According to Steam’s hardware survey from April 2018, AVX is widely available (86%) but still not as ubiquitous as SSE2 (100%!):
That’s why I never really looked at it seriously so far. At the end of the day, and in the back of my mind, I would like to use these optimizations on PC but also other platforms like consoles. Hopefully we will go back to this later in the series - I did run all these tests on consoles as well, and the results are not always the same as for the PC. In PhysX we are already suffering from the power difference between a modern PC and current-gen consoles: the consoles are sometimes struggling to handle something that runs just fine on PC. Using AVX would only tip the scales even more in favor of PCs. That being said, we had the same discussion about SSE2 back in the days, and now SSE2 is everywhere… including on consoles. So it is reasonable to expect AVX to be available in all next-gen consoles as well, and the time spent learning it now is hopefully just a good investment for the future. (I would totally take that time and play with AVX just for fun if I wouldn’t have a child. But these days my free time is severely limited, as you noticed with the one year gap between 14d and 14e, so I have to choose my targets wisely).
Alright.
Like last time, Fabian was kind enough to include detailed notes about what he did. So, I will just copy-paste here what you probably already read a year ago anyway. In his own words:
Here’s what I did to the code to arrive at the current version:
I already wrote a note on the earlier changes that were just cleaning up the ASM code and unrolling it a bit. That text file is a gist and available here:
https://gist.github.com/rygorous/fdd41f45b24472649aaeb5b55bbe6e26
…and then someone on Twitter asked “what if you used AVX instead of SSE2?”. My initial response boiled down to “that’s not gonna work with how the loop is currently set up”. The problem is that the original idea of having one box=4 floats, doing all 4 compares with a single SSE compare, doing a movemask, and then checking whether we get the number that means “box intersects” (12 in the original case) fundamentally doesn’t translate well to 8-wide: now instead of one box per compare, we’re testing two (let’s call them box1[0] and box1[1]), and instead of two possible outcomes, we now have four, where ? stands for any hex digit but ‘c’:
- Both box1[0] and box1[1] intersect box0. (=movemask gives 0xcc)

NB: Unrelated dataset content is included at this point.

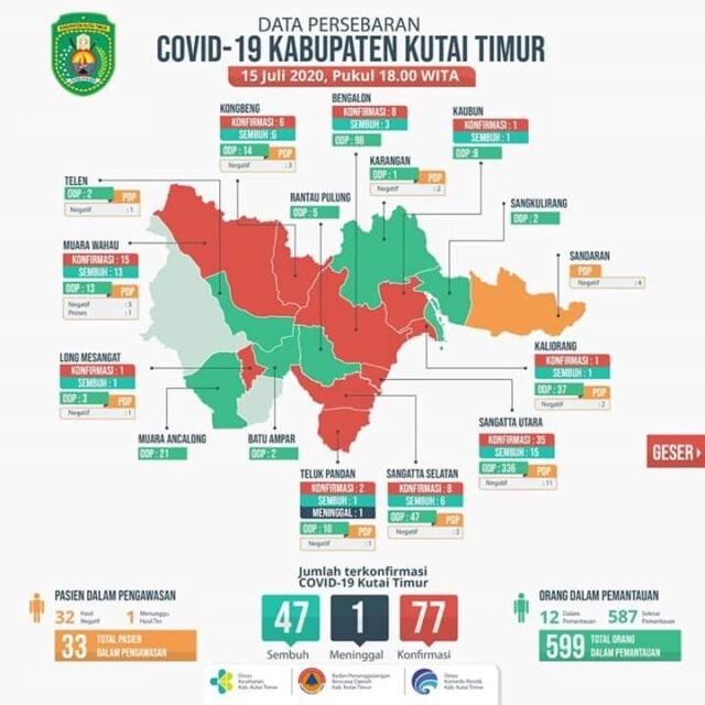 Selanjutnya ada KTM-53 adalah laki-laki usia 58 tahun. Kasus merupakan karyawan swasta melakukan perjalanan dari Manado. Pada 15 Juli dinyatakan sembuh setelah hasil swab evaluasi dua kali negatif berturut-turut. Masuk wilayah kerja Puskesmas Teluk Lingga. Berlanjut ke KTM-58 laki-laki usia 60 Tahun. Kasus merupakan pelaku perjalanan dari Banten. Pada 15 Juli dinyatakan sembuh setelah hasil swab evaluasi dua kali negatif berturut-turut, masuk wilayah kerja Puskesmas Sangatta Utara.

- box1[0] intersects box0, box1[1] doesn’t. (=movemask gives 0x?c)
- box1[1] intersects box0, box1[0] doesn’t. (=movemask gives 0xc?)
- neither intersects box0. (=movemask gives 0x??)
Instead of the previous solution where we had exactly one value to compare against, now we need to do a more expensive test like “(mask & 0xf) == 12 || (mask & 0xf0) == 0xc0″. Not the end of the world, but it means something like
mov tmp, eax
and tmp, 15
cmp tmp, 12
je FoundOne
and eax, 15
cmp eax, 12
je FoundOne
which is one more temp register required and several extra uops, and as we saw in the gist, this loop was pretty tight before. Whenever something like this happens, it’s a sign that you’re working against the grain of the hardware and you should maybe take a step back and consider something different.
That “something different” in this case was converting the loop to use a SoA layout (structure of arrays, google it, enough has been written about it elsewhere) and doing some back of the envelope math (also in this repository, “notes_avx.txt”) to figure out how much work that would be per loop iteration. End result: 12 fused uops per iter to process *8* boxes (instead of 20 fused uops/iter to process 4 using SSE2!), still with a fairly decent load balance across the ports. This could be a win, and not just for AVX, but with SSE2 as well.
Addressing
———-
The first problem was that this code is 32-bit x86, which is register-starved, and going to SoA means we (in theory) need to keep around five pointers in the main loop, instead of just one.
Possible (barely) but very inconvenient, and there’s no way you want to be incrementing all of them. Luckily, we don’t have to: the first observation is that all the arrays we advance through have the same element stride (four bytes), so we don’t actually need to keep incrementing 5 pointers, because the distances between the pointers always stay the same. We can just compute those distances, increment *one* of the pointers, and use [reg1+reg2] addressing modes to compute the rest on the fly.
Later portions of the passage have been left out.